P(X = k) = (1-p)ᵏ⁻¹ · p, k = 1, 2, 3, ...
E[X] = 1/p, Var(X) = (1-p)/p²
Memoryless property: P(X > s + t | X > s) = P(X > t).
Poisson(λ)
Number of events in a fixed interval (when events occur independently at rate λ).
P(X = k) = e⁻λ · λᵏ / k!, k = 0, 1, 2, ...
E[X] = λ, Var(X) = λ
Approximates Binomial(n, p) when n is large and p is small, with λ = np.
Common Continuous Distributions
Uniform(a, b)
f(x) = 1/(b-a) for a ≤ x ≤ b
E[X] = (a+b)/2, Var(X) = (b-a)²/12
Normal (Gaussian) N(μ, σ²)
f(x) = (1/(σ√(2π))) · e^(-(x-μ)²/(2σ²))
E[X] = μ, Var(X) = σ²
The standard normal Z ~ N(0, 1). Any normal X can be standardized: Z = (X - μ)/σ.
68-95-99.7 rule: Approximately 68% of values within 1σ, 95% within 2σ, 99.7% within 3σ.

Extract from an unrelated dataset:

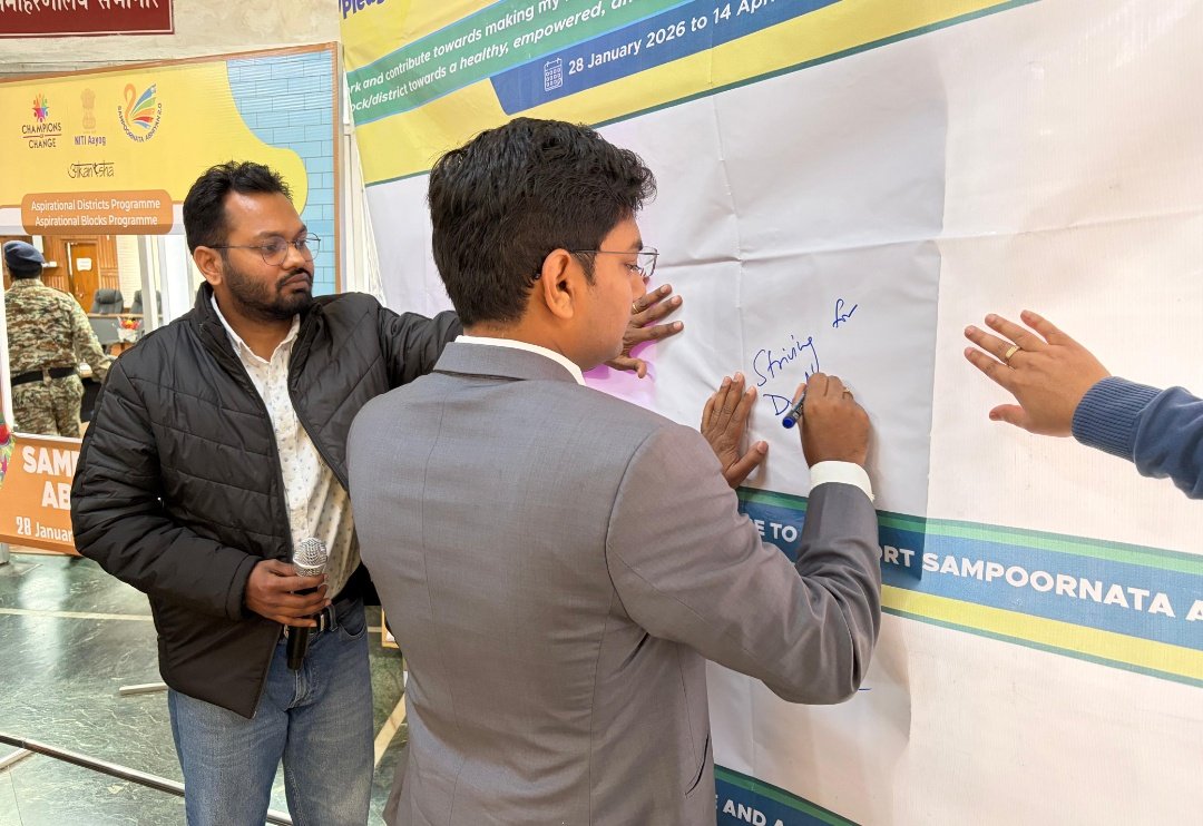 शपथ के माध्यम से सभी विभागों ने यह संकल्प लिया कि अभियान के अंतर्गत निर्धारित सभी इंडिकेटरों को प्राथमिकता देते हुए शत-प्रतिशत लक्ष्य की प्राप्ति के लिए पूर्ण निष्ठा एवं समन्वय के साथ कार्य किया जाएगा।शपथ कार्यक्रम के उपरांत उपायुक्त ने हस्ताक्षर अभियान की विधिवत शुरुआत की तथा अभियान के प्रति अपनी प्रतिबद्धता दर्शाते हुए सेल्फी लेकर उपस्थित अधिकारियों एवं कर्मियों का उत्साहवर्धन किया।

Central Limit Theorem: The sum (or average) of many independent RVs tends toward a normal distribution, regardless of the original distribution. This is why the normal distribution appears everywhere.
Exponential(λ)
f(x) = λe⁻λˣ for x ≥ 0
E[X] = 1/λ, Var(X) = 1/λ²
Continuous analog of geometric. Memoryless: P(X > s + t | X > s) = P(X > t).
Models time between events in a Poisson process.
Real-World Applications
- Algorithm analysis: Expected running time (quicksort: O(n log n) expected), hash table analysis (expected O(1) lookup).
- Randomized algorithms: Monte Carlo (may be wrong), Las Vegas (always correct, random time). Probability bounds guarantee performance.
- Machine learning: Naive Bayes classifier uses Bayes' theorem. All probabilistic models rest on these foundations.
- Cryptography: Security proofs bound adversary success probability.
- Systems: Queueing models use Poisson arrivals and exponential service times. Network reliability uses independence.
- A/B testing: Hypothesis testing and confidence intervals use normal distribution and Bayes' theorem.
- Error analysis: Bernoulli trials model bit errors. Binomial gives error counts.